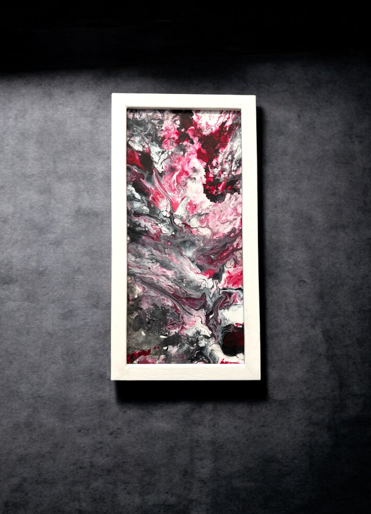 Bring bold emotion and modern elegance to your space with this original abstract painting, beautifully framed in a crisp white wood frame.
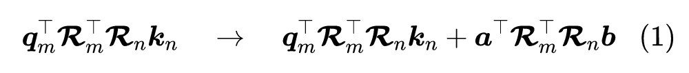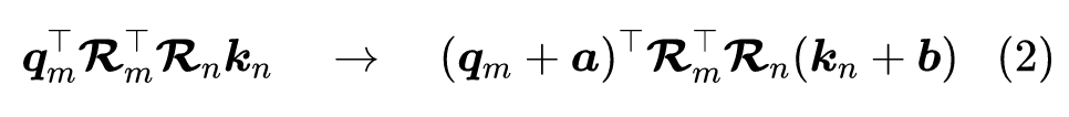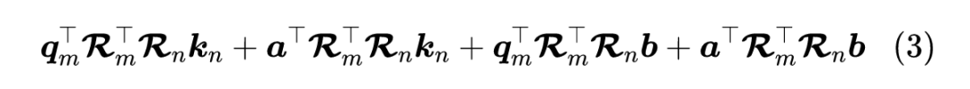 无关,但从式(3)我们就知道,经过 RoPE 后,
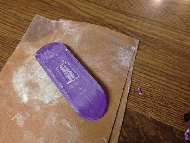 Use una lija de grano áspero y luego un ligero grano (o SOS teclado) para crear un acabado liso en la parte inferior del tablero.

::::::::

**YOUR ASSIGNMENT**. Retype the data above in full, exactly as it stands, and skip any image.

**SOLUTION TO THE PROBLEM**.
 Bring bold emotion and modern elegance to your space with this original abstract painting, beautifully framed in a crisp white wood frame.
 无关,但从式(3)我们就知道,经过 RoPE 后,
 Use una lija de grano áspero y luego un ligero grano (o SOS teclado) para crear un acabado liso en la parte inferior del tablero.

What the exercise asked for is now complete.